- Born: 1975 (age 50–51) Uganda
- Citizenship: Uganda
- Education: Makerere University (Bachelor of Science) University of Manchester (Master of Business Administration) Chartered Institute of Management Accountants (Member, Chartered Institute of Management Accountants)
- Occupations: Accountant and business administrator
- Years active: 1990–present
- Title: Permanent secretary in the Uganda Ministry of Trade, Industry and Cooperatives
- Spouse: Victor Francis Busuulwa

= Geraldine Ssali Busuulwa =

Ugandan accountant and business administrator

Geraldine Ssali Busuulwa is a Ugandan accountant and business administrator. She served as the permanent secretary in the Uganda Ministry of Trade, Industry and Cooperatives after getting appointed on the 15th of July 2021.

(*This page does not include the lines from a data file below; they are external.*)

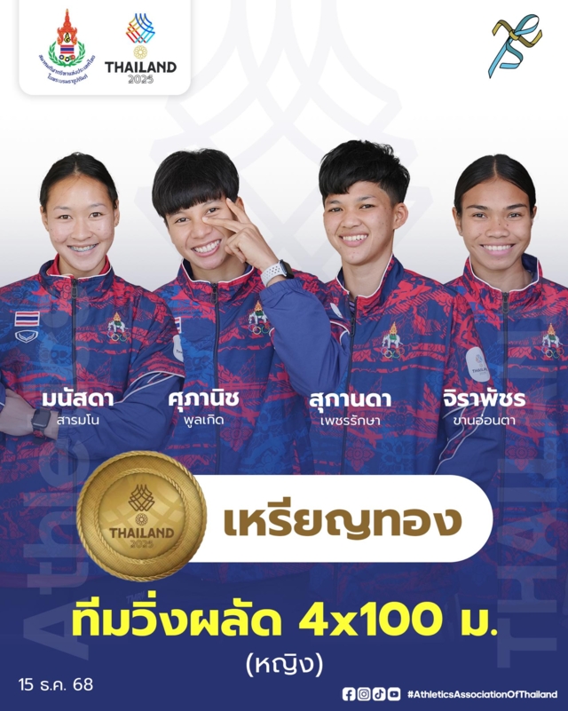 การแข่งขันกรีฑาในมหกรรมกีฬาซีเกมส์ ครั้งที่ 33 ที่สนามศุภชลาศัย ไฮไลต์อยู่ที่การแข่งขันวิ่งผลัด 4x100 เมตรหญิง สำหรับทีมนักกีฬาประกอบด้วย ไม้แรก "มนัสดา สารมโน" ไม้สอง "ศุภานิช พูลเกิด" ไม้สาม "สุกานดา เพชรรักษา" และไม้สุดท้าย "จิราพัชร ขานอ่อนตา"
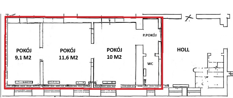 Oferowana powierzchnia 35 m2 składa się z trzech pomieszczeń biurowych (po ok 10 m2) połączonych ze sobą drzwiami wewnętrznymi, przedpokoju i toalety z umywalką.
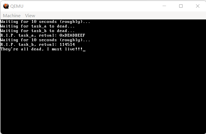 删去原本的 TASK 定义,替换为上面这一段。由于 exit 的返回值可以是任何一个东西,因此特意添加了一个 pid 变量,用来确认是否退出。当然这个变量可以换成随便一个东西,这里用 pid 只是一种用法。
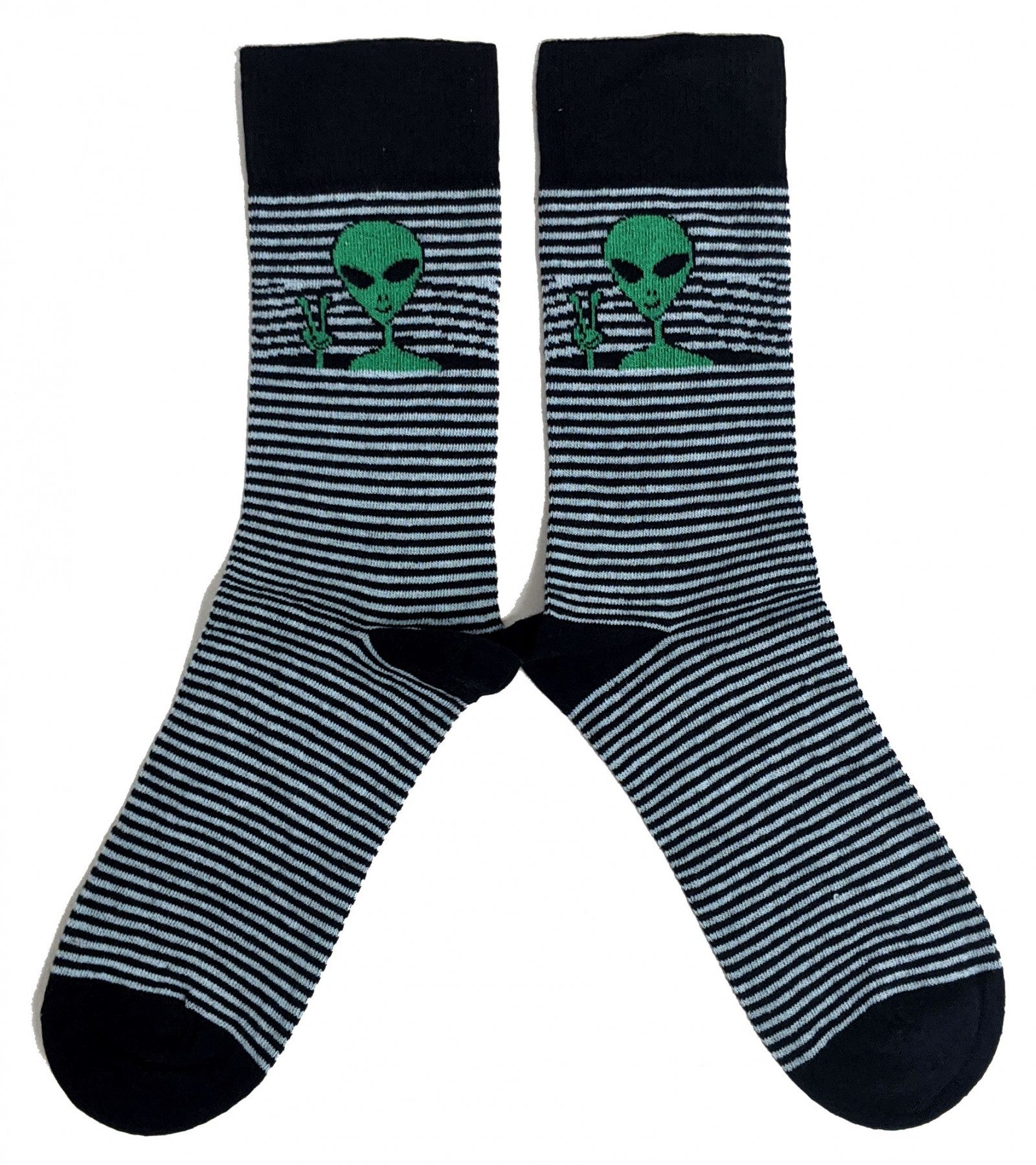 Bring a touch of cosmic charm to your feet with these quirky green alien socks, perfect for any fun-loving gent!

Before that, she served as the Deputy managing director of the National Social Security Fund (Uganda) (NSSF Uganda) from 20 March 2011, until 29 October 2017. She was first appointed to that position on 20 March 2011 by Finance Minister Syda Bbumba. On 29 October 2014, she was re-appointed to the same position after ten months when she served as Acting managing director.

==Education==
She was born in Lubaga Hospital to Agnes Ssali and Gerald Ssali, circa 1975. She attended Gayaza High School for her pre-university education. She studied at Makerere University, Uganda's oldest and largest public university, graduating with a Bachelor of Science degree in mathematics, statistics, and economics. She also holds a Master of Business Administration degree from Manchester Business School. She is a professional accountant and is a member of the Chartered Institute of Management Accountants.

==Work experience==
Before her employment by NSSF Uganda, in March 2011, she worked as head of the Directorate of Management, in Her Majesty's Treasury in the United Kingdom. She served as deputy managing director of NSSF Uganda from 20 March 2011 until 31 December 2013. On that day the employment contract of Richard Byarugaba, the managing director expired and was not immediately renewed. Busuulwa was promoted to acting managing director (MD) while a search for a substantive MD was conducted. After a ten-month search, Byarugaba was re-appointed to his former post and Busuulwa was reappointed as his deputy.

In October 2017, the then Uganda Minister of Finance, Matia Kasaija, declined to renew Busuulwa's contract, following the board's recommendation. The board cited "less-than-satisfactory performance", during her tenure. She was replaced by Patrick Ayota, previously the head of finance at NSSF Uganda, from 2010 until 2017.